Good grief. She’s right.

“Yes, that’s all,” Heather said.

One bottle of pills. That’s all.

Incredible.

Don’t get me wrong. Heather’s health has not zoomed up to Olympic standards. There’s still a lot to take care of and probably always will be. And I don’t doubt that more medicine awaits at some point in the future.

But for now, it’s a small triumph. A sign of hope.

And hope is the most potent medicine of all.

We’ve all seen it.

We’ve seen our friends and neighbors travel to the Gulf, hoping to help others recover something from what the winds and the waves stole.

We’ve seen college students volunteer for duty in Iraq, hoping that something can still be saved from the maelstrom.

We know people like Matt Jones, the ESU graduate who refused to quit in the face of cancer and now works to inspire others.

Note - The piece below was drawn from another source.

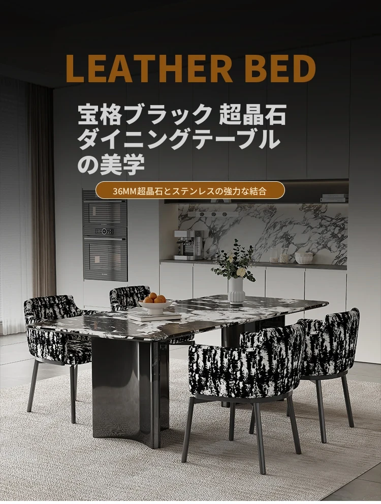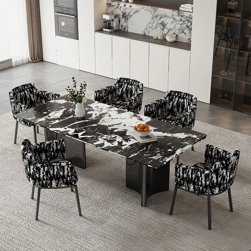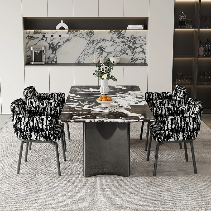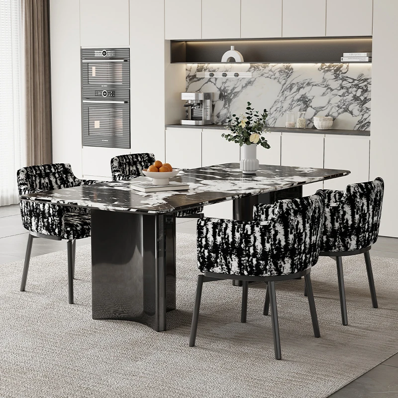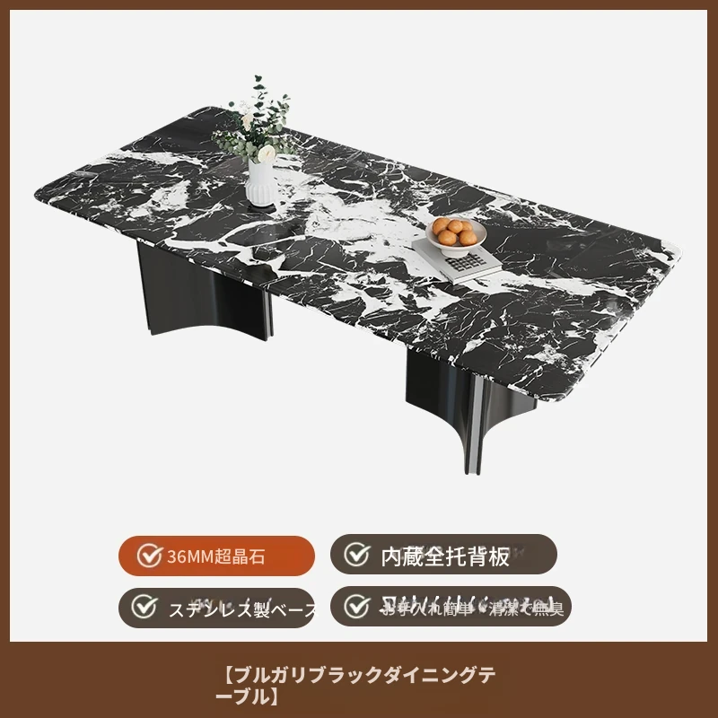 現代的な都市型ラグジュアリー大理石ダイニングテーブル - シンプルでスタイリッシュな長方形テーブルとチェアのセット、イタリアン・ウルトラクリスタル石製、あなたの食卓を美しく彩ります!

Or like the Peter Pan Playground group who brought a project to the brink of success by continuing where others would have written it off. Or a thousand, no, a million, other cases, close to home or far from reach.

Hope is precious.

It’s also not enough. Not by itself. Hope requires sweat.

Pessimism is easy. After all, if everything’s going to go wrong, why try? But to hope for better — and see it happen — takes effort. It can mean toting a gun or a protest sign, heaving a sandbag or building a business. It can mean simply going on for one more day when everything in your body and your life says “Quit now!”

Hard? You bet. Is it worth it? That’s up to you.

Heather decided it was. She’s searched out doctors, looked up medicines, battled her own body rather than quit. She’s worked.

And now she knows that life doesn’t have to be such a pill.